Inaccurate Documentation of Ordered Meal Assistance
Penalty
Summary
The deficiency involves the facility’s failure to maintain accurate medical records and to document care in accordance with professional standards for a resident with a physician’s order for assistance with meals at all times. The resident was readmitted in December 2021 with a diagnosis that included food in the respiratory tract causing injury. A Minimum Data Set assessment dated in January 2026 indicated the resident required partial/moderate assistance of one staff member for eating. A physician’s order dated 11/25/2025 directed staff to assist the resident with meals at all times, twice daily, during the 7:00 AM–3:00 PM and 3:00 PM–11:00 PM shifts. Surveyors observed the resident eating independently in a common area without staff assistance on two separate occasions during the midday meal period. Despite these observations, the January 2026 Treatment Administration Record showed the physician’s order for meal assistance as completed for the 7:00 AM–3:00 PM shift on both days.
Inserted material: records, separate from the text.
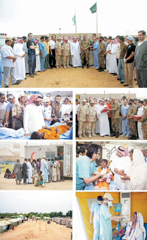 دشن سفير خادم الحرمين الشريفين لدى جمهورية باكستان الإسلامية عبدالعزيز بن إبراهيم الغدير أمس الأول السبت مخيم خادم الحرمين الشريفين لإيواء المتضررين من الفيضانات في مدينة تتا الواقعة في إقليم السند الجنوبي. حضر تدشين المخيم الذي أقيم بجوار المستشفى الميداني السعودي قائد المنطقة العسكرية في تتا العميد كليم آصف وعدد من الضباط وقادة فرق الإغاثة في الجيش الباكستاني ومن الجانب السعودي المشرف العام على المستشفيين الميدانيين السعوديين في باكستان العميد طبيب سعود بن فالح العماني ومساعد الملحق العسكري السعودي في باكستان العقيد طيار ركن سعيد مشافي عفتان ونائب القنصل العام في كراتشي ورئيس الإغاثة العاجلة في المكتب الإقليمي لحملة خادم الحرمين الشريفين في باكستان بندر العجمي. وأوضح السفير الغدير أن المخيم يأوي 500 عائلة ويقدم من خلاله المواد الإغاثية بصفة مستمرة حتى انتهاء فترة الإغاثة العاجلة. وقال إن المخيم يعد امتداداً للجسر البري الذي انطلق الأسبوع الماضي تحت عنوان ألف شاحنة لمليوني متضرر والذي يتم تسيير قوافله أسبوعياً من مدينة إسلام آباد إلى المناطق المتضررة في مختلف أنحاء باكستان. وعقب التدشين تجول السفير الغدير في المخيم وتفقد أحوال المتضررين وأعمال الإغاثة التي تقدم لهم.. كما قام بتوزيع السلال الغذائية عليهم وقدم الحلوى لأطفال المخيم بمناسبة عيد الفطر المبارك. وكان السفير الغدير قد قام بزيارة للمستشفى الميداني السعودي في مدينة تتا التقى خلالها بالكوادر الطبية السعودية ونقل إليهم تهاني خادم الحرمين الشريفين وسمو ولي عهده وسمو النائب الثاني وكافة أفراد الشعب السعودي بمناسبة حلول عيد الفطر المبارك. وتفقد سير عمل المستشفى والخدمات التي يقدمها والتقى بالمرضى المنومين الذين عبروا عن خالص شكرهم لخادم الحرمين الشريفين الملك عبدالله بن عبدالعزيز آل سعود ودعوا الله سبحانه وتعالى أن يجعل ذلك في ميزان حسناته.
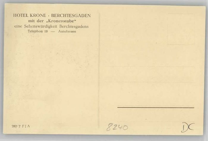 40215728 Berchtesgaden Hotel Krone ungelaufen ca. 1920 KatCode 11110009172116
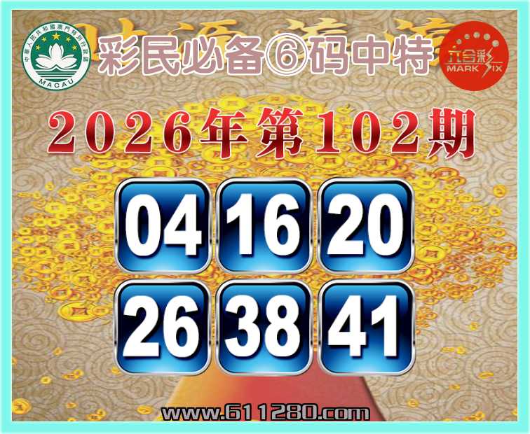 102期:『彩民必备』 🏅⑥码中特🏅【04.16.20.26.38.41】开:20
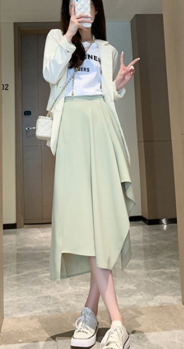 前側は膝丈で上品に、後ろ側は長めの裾が揺れる変形デザインが特徴的で、歩くたびに軽やかに動く布の流れが女性らしさを演出します。
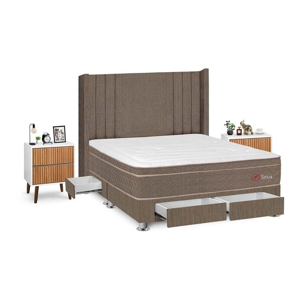 Juego de Dormitorio Forli Sirius 4 Cajones King Marrón + Velador Milan
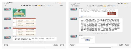 幼儿园设有微信群、家长群、微信公众号等多个宣传平台。这些网络平台让信息发布更便捷、更普及,平台定期向家长推送育儿知识、政策解读、“准备上小学”主题活动介绍、幼升小课程故事分享等内容,打破时间和空间的束缚,发挥媒体的最大效能,提升家长的科学育儿水平。

During an interview, the RN who documented completion for one of those shifts admitted he had not personally assisted the resident with eating, stated that the task was delegated to NAs, and acknowledged he did not know which NA, if any, had assisted the resident during lunch. He further acknowledged that he documented the order as completed despite being unaware whether the assistance had actually been provided. The DON stated she would expect staff to follow physician orders and document accurately in the resident’s record.